Richard Pierce

Richard Pierce – author, poet, painter

Life

Day 238

Being back on BBC Radio Norfolk with Stephen Bumfrey yesterday was a blast. But I’d been more nervous than I can ever remember being when I walked down into Norwich. Three years since I’d been on “proper” radio, so maybe it’s understandable. In the end, I needn’t have worried. When we finished, I checked my phone, and we’d got lots of lovely feedback. It felt like I’d never been away, and the chemistry was still there, even after not having seen each other for such a long time.

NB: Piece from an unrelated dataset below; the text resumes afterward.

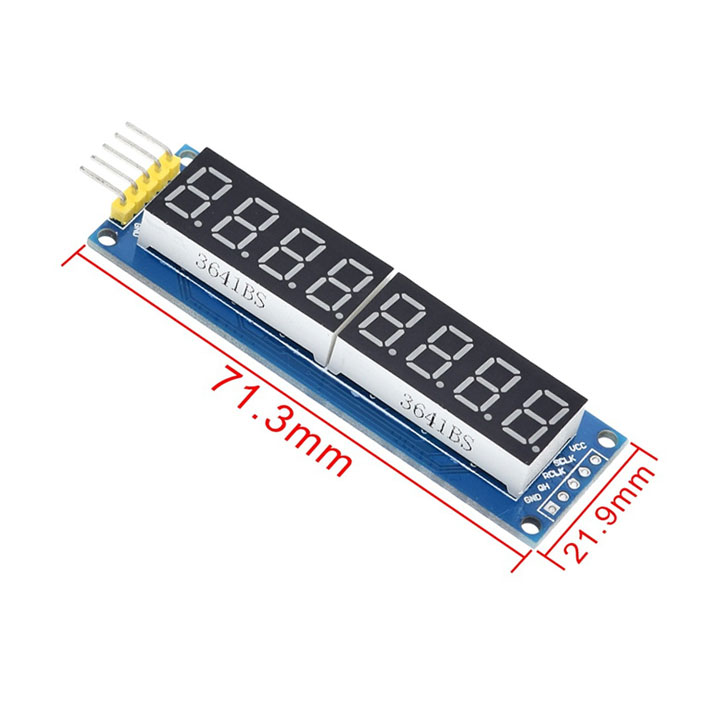 Đây là một module hiển thị LED 8 chữ số dạng 7 đoạn, sử dụng IC shift register 74HC595 để điều khiển các đoạn LED – rất phổ biến trong các dự án Arduino, STM32, ESP32, v.v.

There is a certain beauty in sitting in a professional radio studio, with one eye on the presenter you’re talking to, and one eye on the studio clock behind that presenter, always aware of the seconds ticking away, always aware that programmes are slotted together in a certain way, and that when the clock hits a certain time there are only x seconds left until you need to stop talking, and stop talking with a decent wind-up rather than cutting yourself off in mid-sentence. None of this over-running by a few seconds/minutes like we can afford to do on Radio Stradbroke, because there’s only an offline stream to follow us at 1pm. I’m very fortunate that I learned this quite early on when I first got the opportunity to be on people’s radios across the country. That day when I sat in a darkened studio in London and did 13 interviews with 13 different local radio stations down an ISDN line is fresh in my memory, and taught me that I had to be precise yet personable, that I had to listen to certain inflections in unseen presenters’ voices that would be cues to finish talking in the next seconds. I remember being so excited to do that succession of interviews, and buzzing for days afterwards.

A lot of people don’t realise that radio presenters don’t just pitch up five minutes before their show starts, nor that they don’t just make it up as they go along. The fact is that they put in as much work off air as they do on air. A four-hour programme will take four hours to prepare (on a good day). The systems in professional radio studios are vastly more complex than the primitive 1-mixer and two computers set-up I have here in the office (and I must admit I’d dearly love to learn how to use one of those complex desks they have), and rely on split-second timing. Even I often need three hours to put together my 3-hour shows, especially the New Music Friday shows which involve a lot of hunting around for something good to play. And however spontaneous radio sounds most of the time, it is spontaneity within an existing framework (yesterday, I was scheduled to be in the 15:20 slot, and we started our segment at 15:19:45, which is damn impressive – you can listen again here for a month after the show went out – and I have linked to the point at which we start talking). I do try to think of links between records. Yesterday, I tried to think of complete sentences and phrases to use once I got on air. And I had two sides of notes with bits highlighted that I could glance at so I got all the credits in for the artists involved in the making of Marina Florance’s Annie C. And the reaction to that song in the studio was amazing, better than I had expected. Goosebumps and silence. That’s how a good song is defined. And that made me very happy indeed.